▶ [WORK INSTRUCTION]:
For the records below, output word for word the lines from the one with "Die Erschließung durch" up to and including the one with "AZRA 2 Piece". No pictures.

▶ [RECORDED DATA]:
↓↓↓

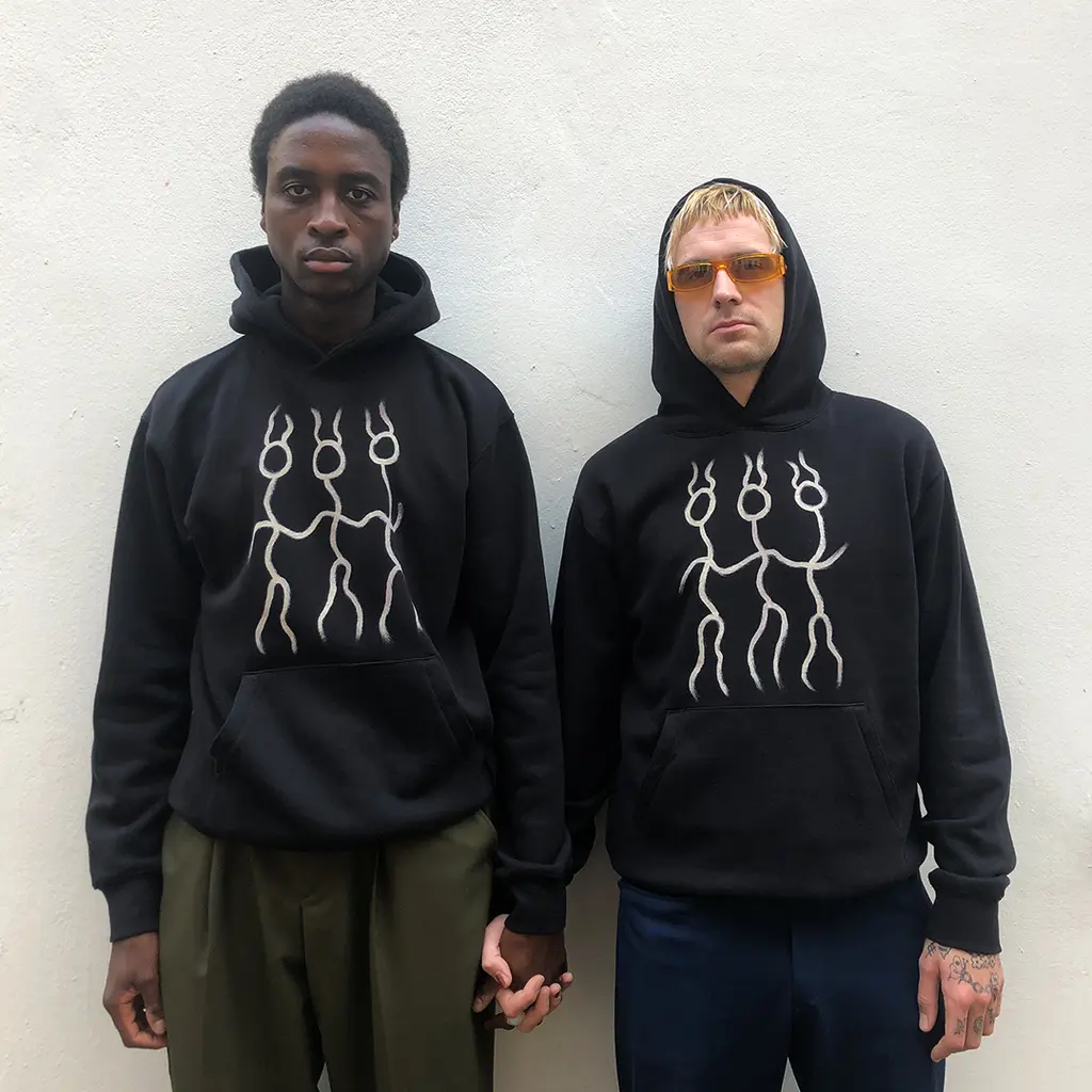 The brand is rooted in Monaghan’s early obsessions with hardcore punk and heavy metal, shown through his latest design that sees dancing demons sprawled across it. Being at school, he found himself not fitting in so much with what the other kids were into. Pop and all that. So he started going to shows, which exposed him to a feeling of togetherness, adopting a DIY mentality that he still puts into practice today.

↑↑↑
↓↓↓

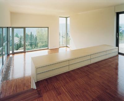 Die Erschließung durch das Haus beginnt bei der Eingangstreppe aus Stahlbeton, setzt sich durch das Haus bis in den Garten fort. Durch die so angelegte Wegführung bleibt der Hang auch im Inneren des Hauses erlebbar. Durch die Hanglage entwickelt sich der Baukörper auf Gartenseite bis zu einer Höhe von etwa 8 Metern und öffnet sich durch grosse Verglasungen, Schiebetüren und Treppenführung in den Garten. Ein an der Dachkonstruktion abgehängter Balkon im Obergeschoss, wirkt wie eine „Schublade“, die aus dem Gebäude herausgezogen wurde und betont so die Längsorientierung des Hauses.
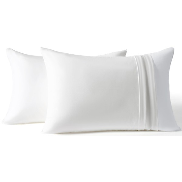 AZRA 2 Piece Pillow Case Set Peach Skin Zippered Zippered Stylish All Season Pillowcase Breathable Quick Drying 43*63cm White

↑↑↑

▶ [REPLY TO THE EXERCISE]:
 Die Erschließung durch das Haus beginnt bei der Eingangstreppe aus Stahlbeton, setzt sich durch das Haus bis in den Garten fort. Durch die so angelegte Wegführung bleibt der Hang auch im Inneren des Hauses erlebbar. Durch die Hanglage entwickelt sich der Baukörper auf Gartenseite bis zu einer Höhe von etwa 8 Metern und öffnet sich durch grosse Verglasungen, Schiebetüren und Treppenführung in den Garten. Ein an der Dachkonstruktion abgehängter Balkon im Obergeschoss, wirkt wie eine „Schublade“, die aus dem Gebäude herausgezogen wurde und betont so die Längsorientierung des Hauses.
 AZRA 2 Piece Pillow Case Set Peach Skin Zippered Zippered Stylish All Season Pillowcase Breathable Quick Drying 43*63cm White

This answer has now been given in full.